At the studio we were shown into a large room with high ceilings from which big lights were suspended. The boys were arranged in bleachers, the "little" ones on one side and the "big" ones on the other. (This segregation of the boys was also enforced at the home. My brother was placed with the other big boys, and I rarely saw him.) Time being money in television, we were given no time to rehearse and, once we were all in our places, the taping commenced. I don't recall how long the taping lasted but it was stopped prematurely. Someone had made the miscalculation of using a large monitor TV that , unfortunately it turned out, was facing us. What happened next depended on the age of the boys and their degree of self-discipline. The big boys kept their composure on seeing themselves - for the first time in their lives - on television, despite their sometimes fixated staring at the monitor.

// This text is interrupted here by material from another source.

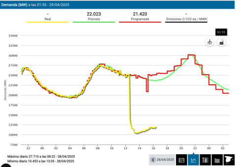 西班牙國(guó)家電網(wǎng)公司Red Eléctrica官網(wǎng)的運(yùn)行數(shù)據(jù)顯示,當(dāng)天中午十二點(diǎn)半左右,西班牙電網(wǎng)負(fù)荷從大約2500萬(wàn)千瓦驟降至約1400萬(wàn)千瓦,隨后一小時(shí)內(nèi)進(jìn)一步下降至約1000萬(wàn)千瓦,截至發(fā)稿,負(fù)荷緩慢恢復(fù)至約1200萬(wàn)千瓦,仍有大量電力供應(yīng)沒有恢復(fù)。

The Christmas carols continued unabated until the camera reached the little boys' faces, when there was an instantaneous breakdown in discipline. Concentrating their full attention on the faces they were pulling for the camera, caroling was quickly replaced by laughter and screams from the little boys section. A few minutes later the taping was halted, and without explanation everyone was shown out of the studio and back onto the bus.

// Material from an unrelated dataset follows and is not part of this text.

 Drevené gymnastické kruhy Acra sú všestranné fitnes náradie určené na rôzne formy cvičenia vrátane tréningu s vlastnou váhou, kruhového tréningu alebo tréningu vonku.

Without formally reprimanding us on the way back to Washington, those of us who had momentarily forgotten the reason why we had gone to the TV studio, and I was one of them, were given an earful of the nuns' extreme displeasure over the next several days. The nuns had studied the video tape and had made note of the boys who had disrupted their plans to use our singing talents, such as they were, to publicize themselves and their boys' home.

We were told that some of the boys were going into town for Christmas caroling, but many of us whom the nuns had singled out were not allowed to go. I remember feeling pleased that I was not required to go hiking around in the cold, singing for strangers. Whoever it was that made the decision to use the TV monitor during the taping in Augusta had made a big mistake, but he had spared me, thanks to a bunch of spiteful nuns denied a chance at stardom, an otherwise disagreeable evening exploring the back streets of a small Southern town in December.